=== Begin Enclosure ===
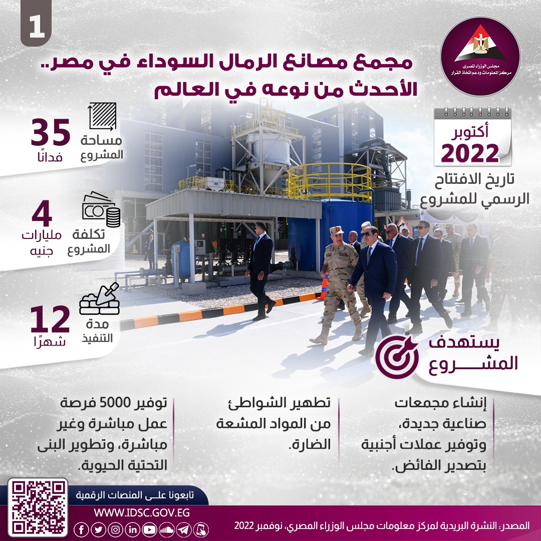 نشر مجلس الوزراء إنفوجرافا جديدا تحت عنوان "مجمع مصانع الرمال السوداء في مصر.. الأحدث من نوعه في العالم".
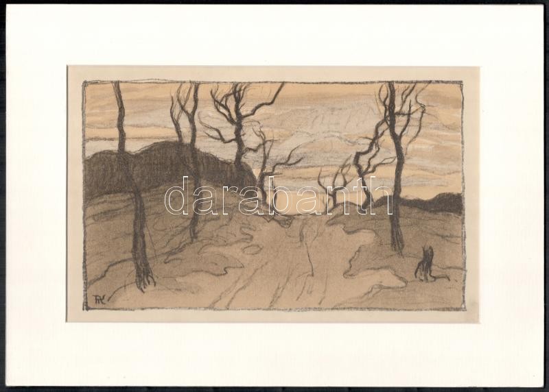 Kőrösfői Kriesch Aladár (1863-1920): Országúton (Naplemente), 1903 (1905). Színes litográfia, papír, jelzett a litográfián, paszpartuban, 15×25 cm
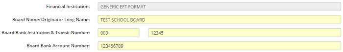 4. If applicable, enter or update the Board Bank Institution & Transit Number.
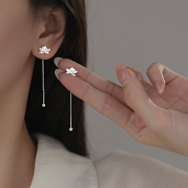 925 シルバー針蓮耳ライン女性の新デザイン新中国国民スタイルファッション気質蓮のイヤリング
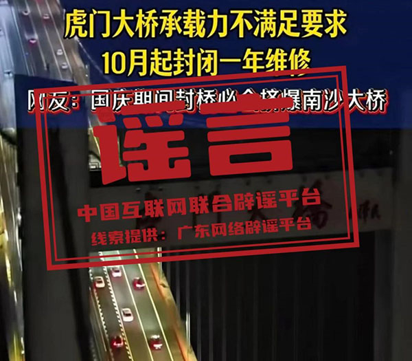 真相:近日,網(wǎng)絡(luò)上流傳“虎門大橋10月起封閉維修”的消息。經(jīng)東莞日報記者核實,該信息不準(zhǔn)確;㈤T大橋在國慶假期期間將正常通行且繼續(xù)實行免費政策。9月29日,廣東虎門大橋有限公司明確表示:虎門大橋在2026年春節(jié)前不會采取全封或半封措施,具體封閉時間及方案,目前均未確定。據(jù)悉,此前東莞市發(fā)展和改革局曾發(fā)布過相關(guān)評估前的公示,其中提到預(yù)計開工時間,但并非實際施工時間。(來源:“廣東省互聯(lián)網(wǎng)舉報中心”微信公眾號、東莞日報)
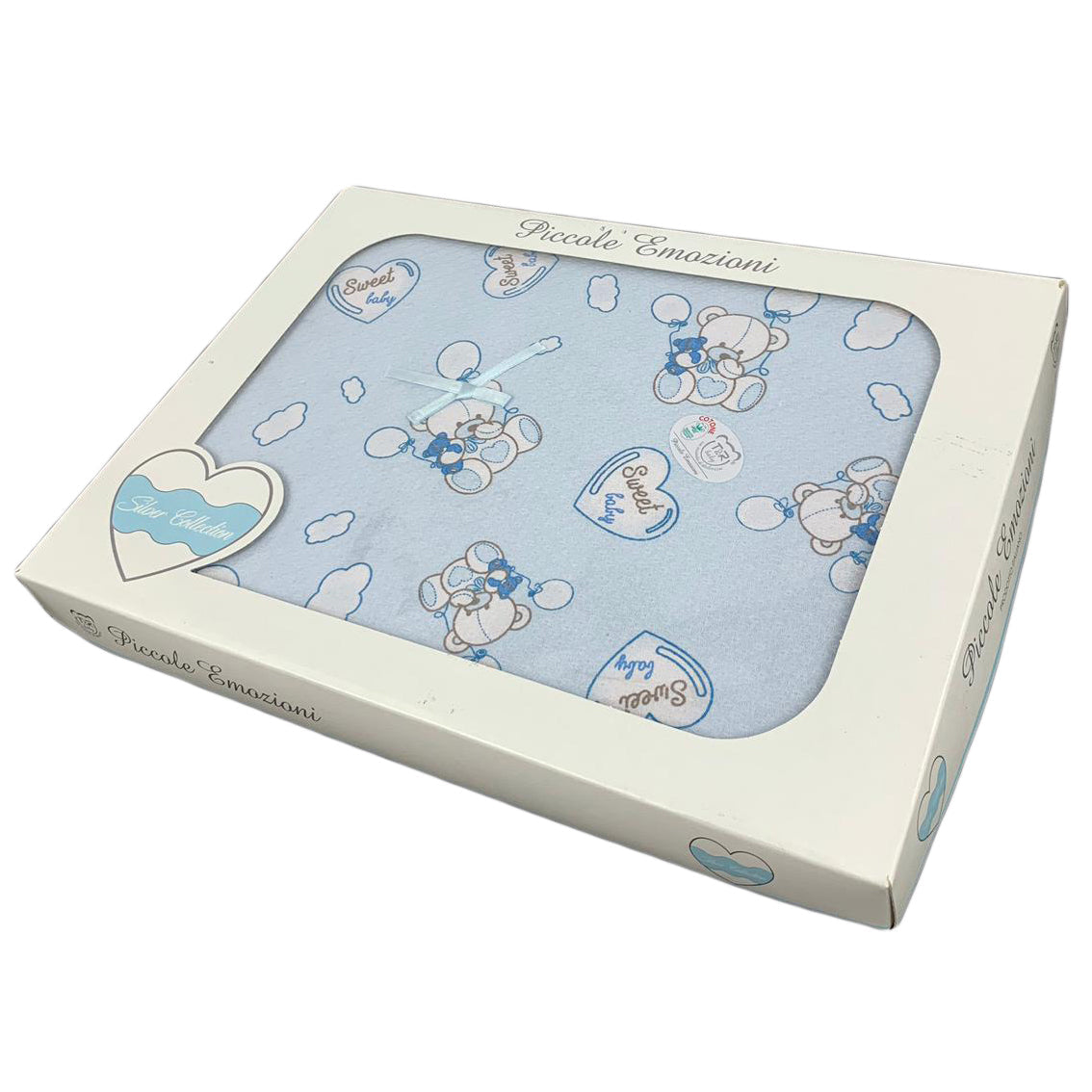 La copertina per neonato della Silver Collection di Piccole Emozioni è in morbido tessuto delicato che avvolgerà il vostro bambino in un soffice abbraccio.
=== End Enclosure ===
- Task:
When a record holds a picture, leave that picture out; copy the rest verbatim.

- Your solution:
 نشر مجلس الوزراء إنفوجرافا جديدا تحت عنوان "مجمع مصانع الرمال السوداء في مصر.. الأحدث من نوعه في العالم".
 Kőrösfői Kriesch Aladár (1863-1920): Országúton (Naplemente), 1903 (1905). Színes litográfia, papír, jelzett a litográfián, paszpartuban, 15×25 cm
 4. If applicable, enter or update the Board Bank Institution & Transit Number.
 925 シルバー針蓮耳ライン女性の新デザイン新中国国民スタイルファッション気質蓮のイヤリング
 真相:近日,網(wǎng)絡(luò)上流傳“虎門大橋10月起封閉維修”的消息。經(jīng)東莞日報記者核實,該信息不準(zhǔn)確;㈤T大橋在國慶假期期間將正常通行且繼續(xù)實行免費政策。9月29日,廣東虎門大橋有限公司明確表示:虎門大橋在2026年春節(jié)前不會采取全封或半封措施,具體封閉時間及方案,目前均未確定。據(jù)悉,此前東莞市發(fā)展和改革局曾發(fā)布過相關(guān)評估前的公示,其中提到預(yù)計開工時間,但并非實際施工時間。(來源:“廣東省互聯(lián)網(wǎng)舉報中心”微信公眾號、東莞日報)
 La copertina per neonato della Silver Collection di Piccole Emozioni è in morbido tessuto delicato che avvolgerà il vostro bambino in un soffice abbraccio.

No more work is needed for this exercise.